Based on these 48 children, the prevalence of Dravet in Sweden was determined to be one in 45,000 people at the end of 2018.

Results showed the median age at diagnosis was 2 years. The researchers also found that in younger children born between 2010–2018, the age at diagnosis and genetic testing were significantly lower than in children born before 2010.

The cumulative incidence of Dravet, reflecting the rate of new cases, was also higher between 2010 and 2018 at one in 33,000 than before 2010 at an incidence rate of one in 46,000.

“The increased [cumulative incidence] and reduced age at diagnosis in the younger age group is in line with the view that the awareness of rare diseases like [Dravet] tend to improve with time,” the researchers wrote.

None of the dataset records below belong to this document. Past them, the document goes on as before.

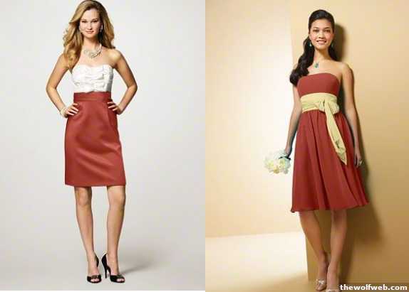 Gosh, I just love the way that first one looks with the white. I am sadface that one might be a problem because of the white. I know for sure I will not steal the show with my friend Dani because she will look amazing, I just don't want to be disrespectful of her and her day.I do want a brighter sash color if I do choose that second dress just to spring it up a bit. I LOVE burnt orange. It is one of my favorite colors.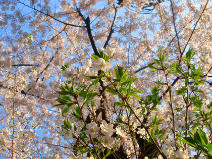 TRI-BUTE@ageHaに行ってきましたー。 彼等の本当に地道な活動は見ていても着実に進化しちゃって、 今や本当に凄いパーティーになってた。 ageHaのメインでやるってことがどれだけ凄い事か。 まぁ、あいつらはそれが大好きで熱い心を持っているから、 そこまでいってるんだろうね。 まだまだこれからも期待のパーティーです。 しかぁぁーし、ageHaさん「デジカメ禁止」はないでっす。 と、いうことで。 桜の季節ですね。 桜が満開になると、誰もがちょっと浮かれた気分になるのは頷ける。 街はピンクに染まり、 風が吹くたびに雪が降る。 緑とのコントラストも心地良い。 桜には色々な楽しみ方がありますよね。 普通に公園を歩いてもよし、 地面に寝転がって、下から空ごと眺めるもよし、 日本酒が好きな人は、おちょこに花びらを一枚なんて楽しみ方もある。 でも、俺は通称『おっちょこちょい桜」が好き(笑) まだ全然咲いてないのに、ひとり先走って咲いちゃうあいつ。 枝じゃなくて、幹の根元の方で、パッかぁ〜って開いちゃうあいつ。 「よっしゃー春だぁぁぁー。(≧▽≦)人(≧▽≦)ノ」 「俺一番じゃね?( ̄ー+ ̄)ニヤリ」 「ぺかっ(*^▽')」 しかし、 ∑(T_T;う"っ、ま…まだ寒いじゃん。。。って、先に散っちゃうし(†∩†) そういうドラマを密かに妄想しております♪ そして、最初に葉桜になるのです。。。 そんな中に花びらが6枚の進化の形跡を発見♪ 明日は東京の桜もピークかな。 代々木公園に出かけよう♪ おっと、その前に今晩はAir@代官山にてDJです。 花見の帰りにでも遊びにきてね♪ なんだかバタバタしていて忙しい。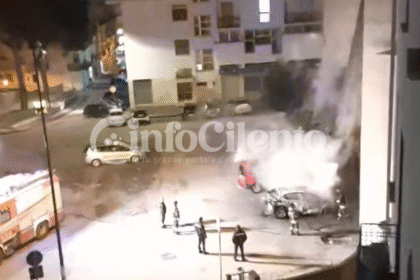 Un’auto è stata avvolta dalle fiamme nello spiazzo retrostante la Chiesa Madre di Santa Maria ad Eboli, dove si svolge il mercatino della frutta.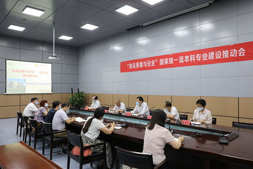 食品科学与生物工程学院党委书记、一流专业建设负责人刘金福对进一步推进“食品质量与安全”一流专业建设思路进行介绍。食品科学与生物工程学院副院长闫师杰对“食品质量与安全”一流专业建设工作及下一阶段工作计划作了说明。教务处处长金天明表示,要以一流专业建设为契机,进一步拓展产学研基地建设,加强专业认证工作,打造课程思政示范专业。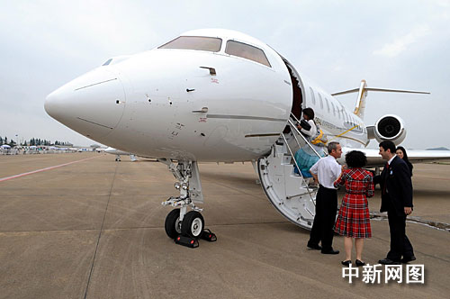 在第七屆中國國際航空航天博覽會上,“環(huán)球快車”、“豪客4000”等公務(wù)機(jī)成珠海航展亮點,不少商家、媒體記者登機(jī)體驗。作 者:陳文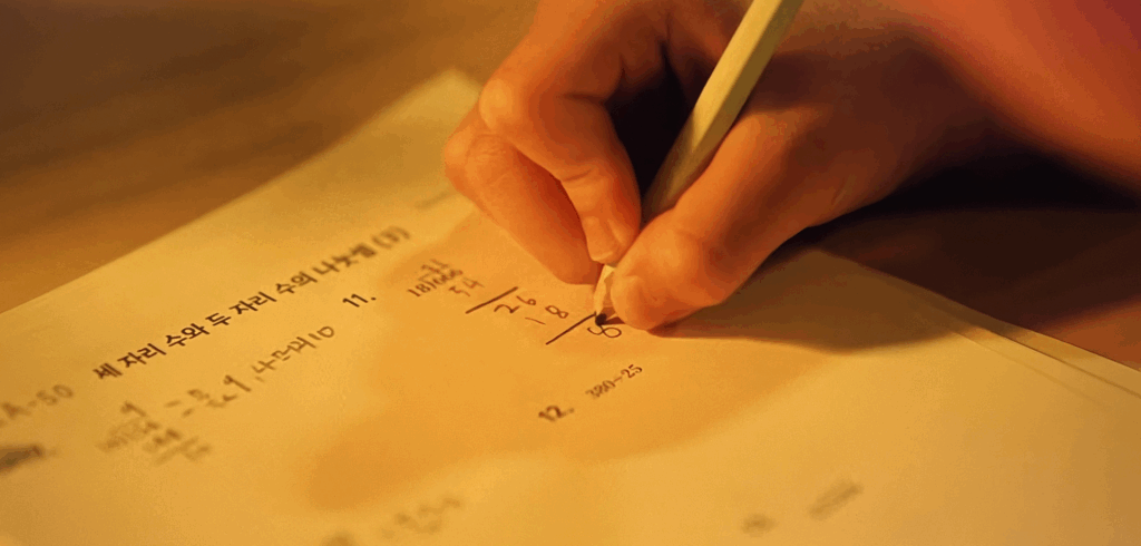 But look closely, and there’s no expectation in Si-eun — no vision of a future he’s working toward, no world beyond himself that he’s building for. He’s obsessed with the perfect circles on his test papers, yes. But he’s not building self-esteem through them, not accumulating the thrill of achievement.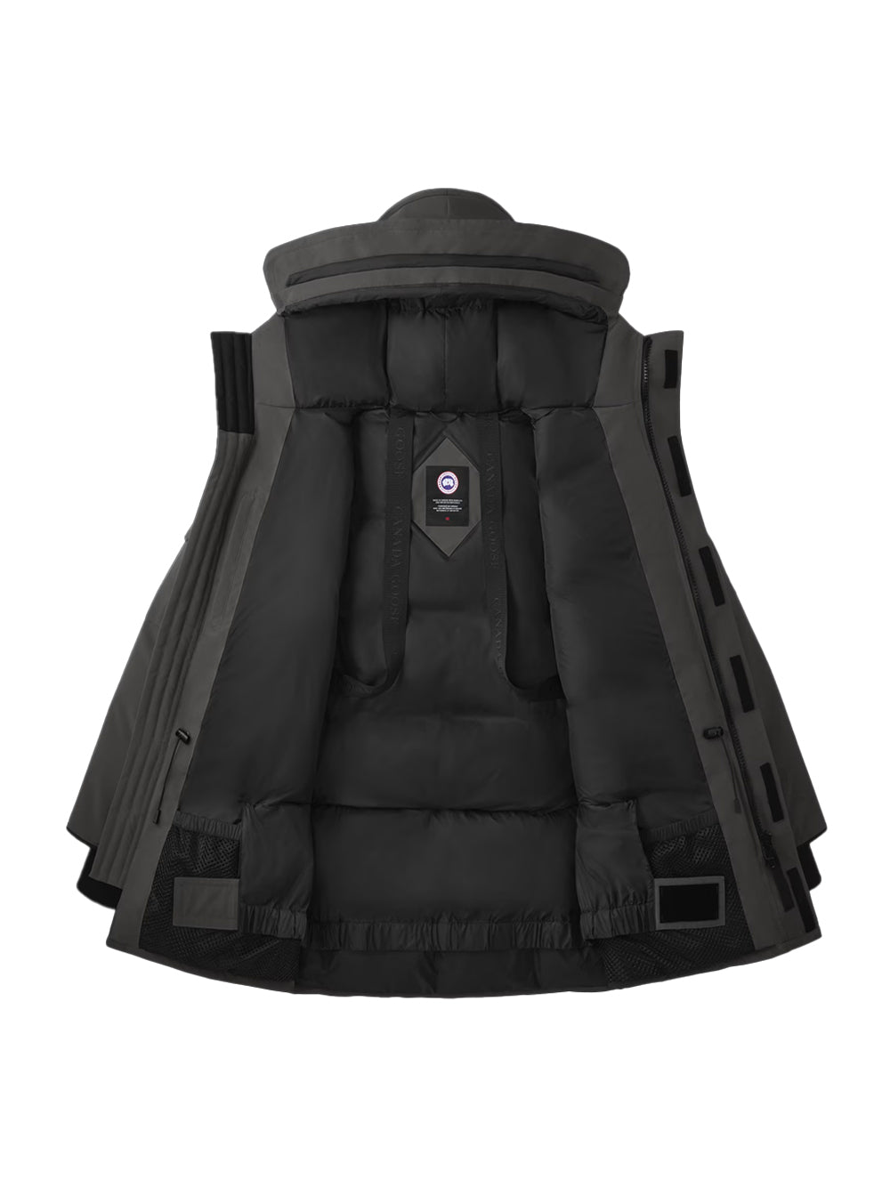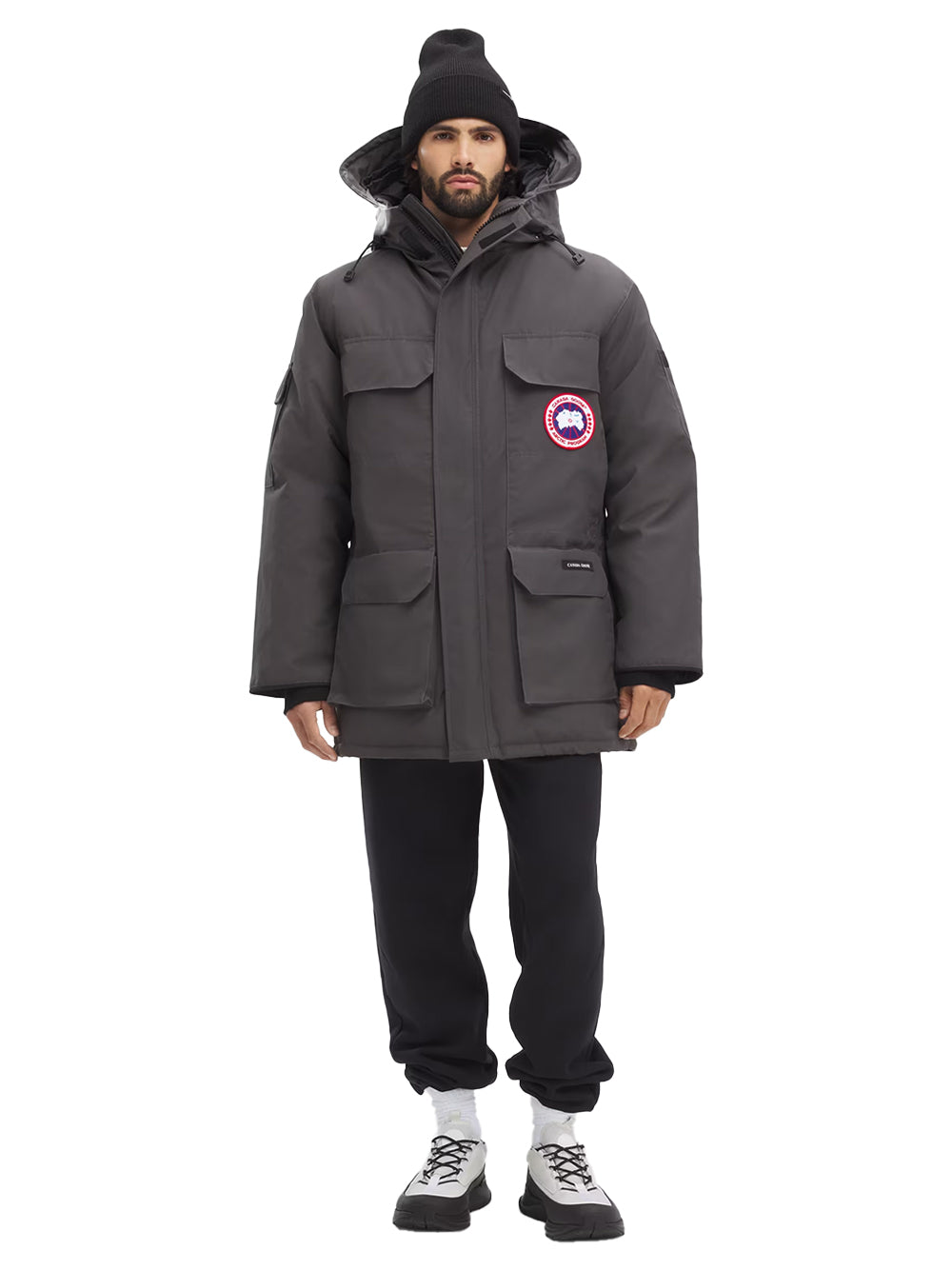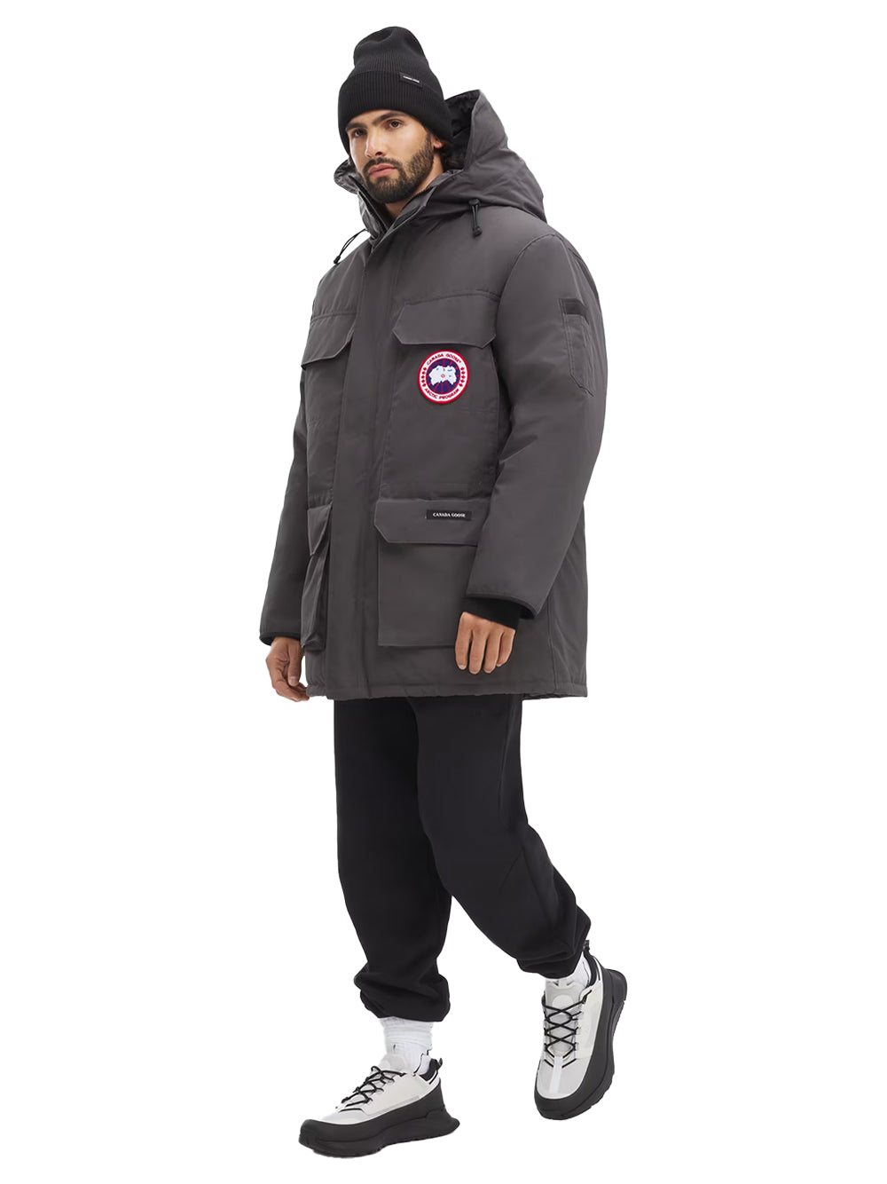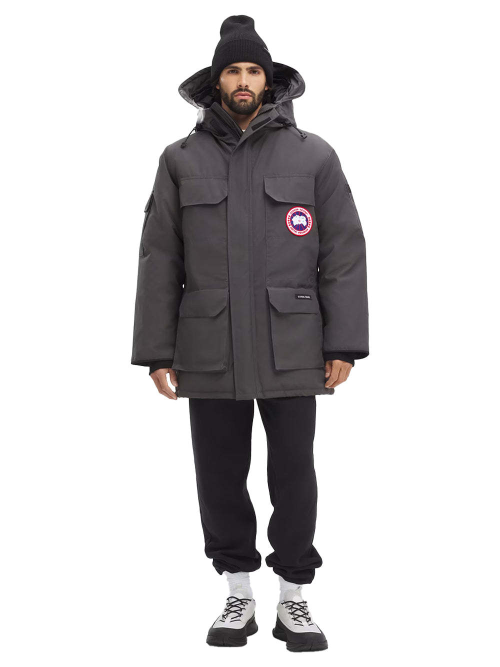 Built for extreme cold, the Canada Goose Expedition Parka Graphite is an oversized and technical with an adjustable down-filled hood and fold-back hood trim. This echoes Trillium and Wyndham styling while adding an internal drawcord waist and Expedition webbing grab strap for on-the-move use.

Of the seven children that died, the median age at death was 4.7 years. Reasons for death included definite, probable or possible sudden unexpected death in epilepsy (SUDEP), brain injury resulting from seizure-induced respiratory distress, pneumonia, and pneumonitis. All the children who died carried a disease-causing mutation in SCN1A. 

In 49 out of 53 children for whom genetic testing data were available, a disease-causing SCN1A mutation was found, and SCN1A mutations of unknown significance were found in another two children. For all but four children, these mutations were de novo, meaning they were not inherited from either parent. For the two children without SCN1A mutations, no disease-causing mutation was found.

For the remaining analyses of clinical disease characteristics, 42 children were included. Among them, the median age at the first seizure was 5 months and the age at epilepsy diagnosis was 1o months. All the children had ongoing seizures of various types.

All had a history of febrile, or fever-induced seizures, and most (90%) had a history of convulsive status epilepticus, a prolonged seizure lasting at least five minutes.

A type of seizure called tonic seizure, marked by sudden muscle stiffening, occurred in 60% of children. This seizure type was previously considered unusual in Dravet and will need to be confirmed in larger studies, the research team noted.

The children were treated with a median of three anti-seizure medications. The most commonly used medications included valproate (100%), benzodiazepines (95%), levetiracetam (83%), and sodium channel blockers (62%). Older children born before 2010 were more likely to have used sodium channel blockers or topiramate than younger children, and sodium channel blockers were currently used in only four children.

Sodium channel blockers are now usually contraindicated in children with Dravet, which likely explains their recent lower use, the researchers suggested.

Intellectual disability was observed in 28 children (67%) and autism spectrum disorder in 19 (45%). Nine children had neither diagnoses.

The findings provide a snapshot of the incidence and clinical characteristics of Dravet syndrome in Sweden.

There are currently no universal screening programs for Dravet in Sweden, and it’s possible that some of those with a diagnosis were not identified in this study, the researchers noted.